New Year messages stress better corporate cultures
Published: 03 Jan. 2022, 17:40
Hyundai Motor Group Chairman Euisun Chung said in his New Year message Monday that the company will lay out detailed plans for new growth engines including autonomous driving, robotics and flying cars.
Appropriately, his message was carried on the company’s metaverse platform.
“In 2019, we declared we would become ‘game changer’ for better lives and mobility,” Chung said. “We have continued our journey since then to come up with a new growth engine. This year, the group’s past efforts will be realized, bringing possibilities to our customers’ daily lives.”
In autonomous driving, Chung said Hyundai Motor will conduct pilot projects that use Level 4 autonomous driving technology, which allows cars to navigate largely on their own.
In robotics, Chung said the company will commercialize Boston Dynamics’ Spot robot this year and launch logistics-specialized robot Stretch.

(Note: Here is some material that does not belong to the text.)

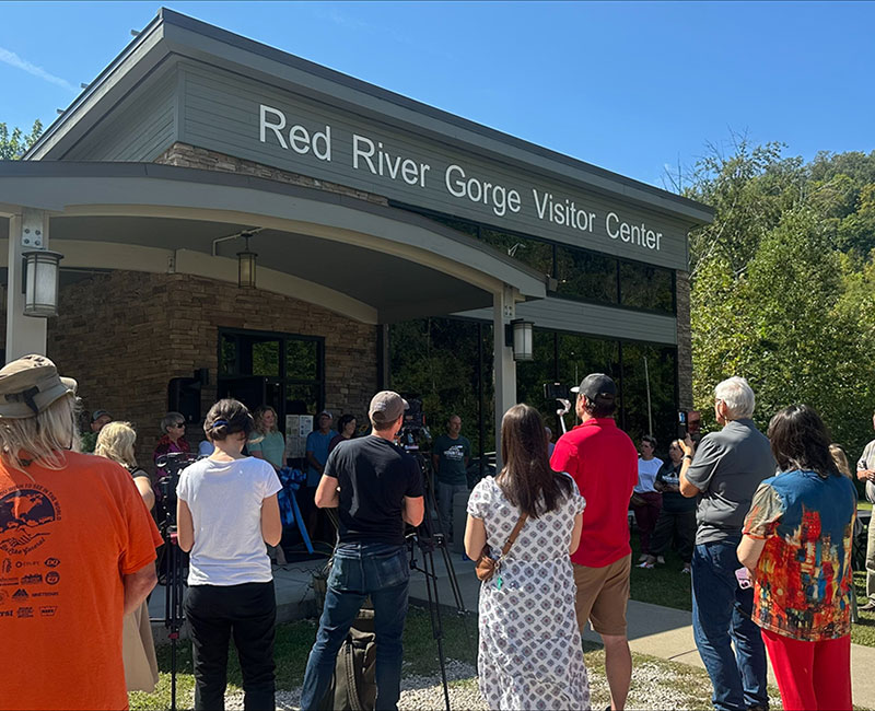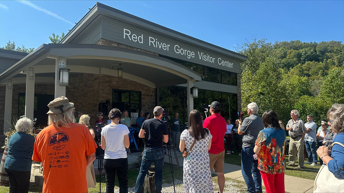 Sterling Health Care (SHC) was represented when a ribbon cutting was held at the Red River Gorge Visitor Center in Slade, KY, in early September. Through a partnership with Mountain Association and Appalachian Energyworks, the Powell County Tourism Commission has become the first and only tourism commission in Kentucky to achieve net zero energy consumption. To celebrate this achievement, the Red River Gorge Chamber of Commerce held a ribbon cutting ceremony at the Red River Gorge Visitor Center in Slade, KY. Collaboration between the organizations allowed the installation of solar panels and two electric vehicle chargers, which marked the 100th solar installation for the Mountain Association. Alicia Bowman, SHC Community Health Worker, was one of several community members in attendance at the event.

For those plans to be realized, Chung said a corporate culture in which employees can communicate and cooperate is vital.

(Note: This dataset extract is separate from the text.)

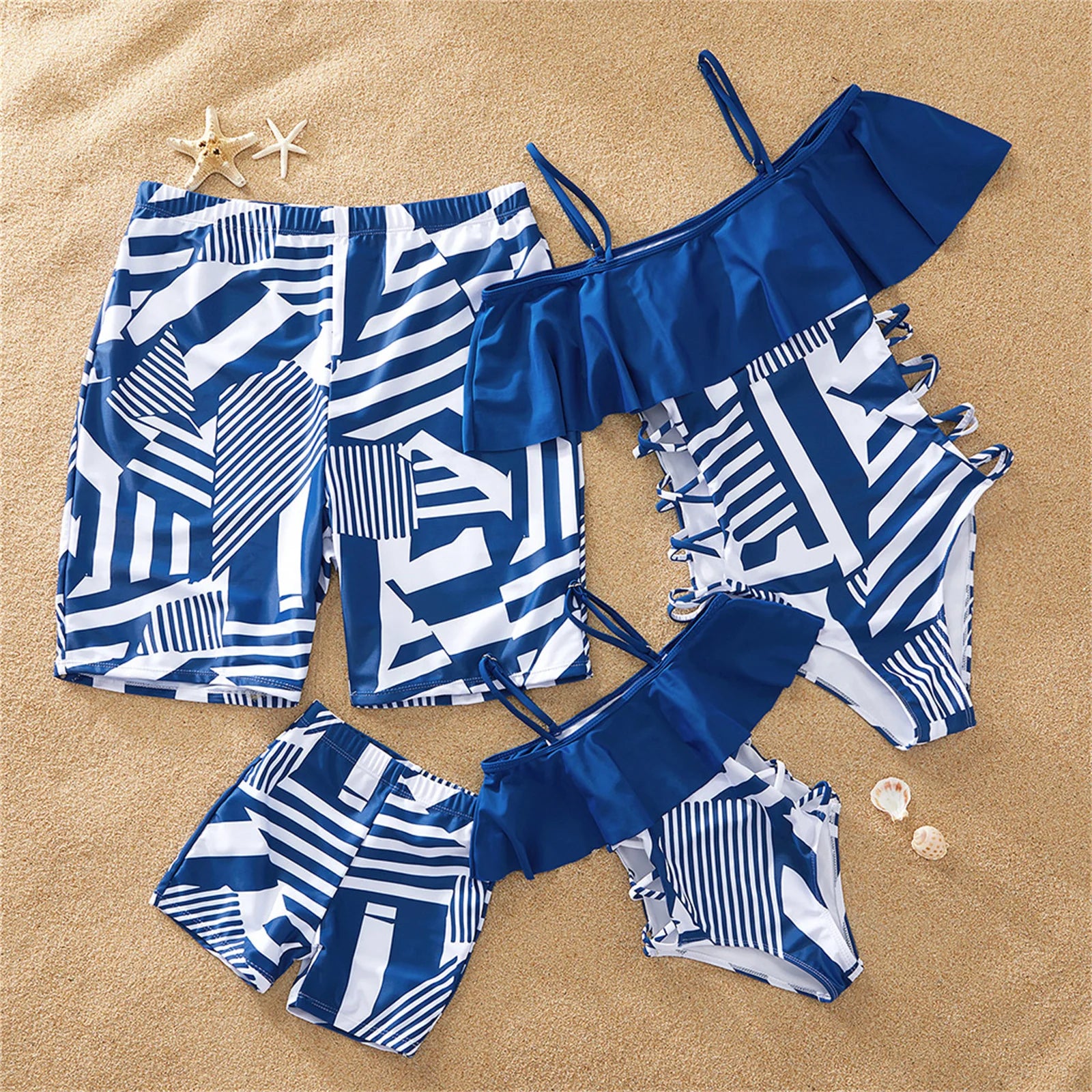 Einteiliger Familienbadeanzug mit Rüschen

“There will be support to make an environment and policy where you guys can feel a sense of achievement and fortify competitiveness,” Chung said.
Reforms of the corporate culture was a theme at other companies as well.
Koo Kwang-mo, chairman of LG Group, said in his New Year message that “innovation in the way people work” is needed.
“It is important for us to continuously make a consumer experience that inspires them,” Koo said. “In order to do that, the way we think and the way we work has to be innovated in accordance. I will make LG a place where every employees’ passion and efforts can shine and get acknowledged.”
LG Energy Solution on Monday said it will do away with the use of honorific suffixes and encourage employees to use the casual suffix "nim" when talking to each other.
"From now on, just call me Kwon Young-soo nim," the company CEO Kwon Young-soo said in a New Year message Monday.
Han Jong-hee, vice chairman of Samsung Electronics, also called for a reform in its corporate culture for more efficient decision making.
“Business models and strategies of the past should be boldly abandoned,” Han said. “Let’s adopt an agile culture where individual’s creativity can be respected and anyone can focus on tasks that raise their values.”
Shin Dong-bin, chairman of Lotte Group, said a performance-based corporate culture should take root in its companies to raise the efficiency of each individual.
“Openness is needed so that employees regardless of the seniority system, gender, hometowns and colleges can create the best value,” Shin said. “Diversity is our competitive advantage and will act as a source of energy for various challenges in the future.”
Hanwha Group Chairman Kim Seung-youn pledged a big leap this year thanks to various new growth engines it is working on.
“Aerospace, green energy and digital finance have to grow into the group's core business in the near future,” he said.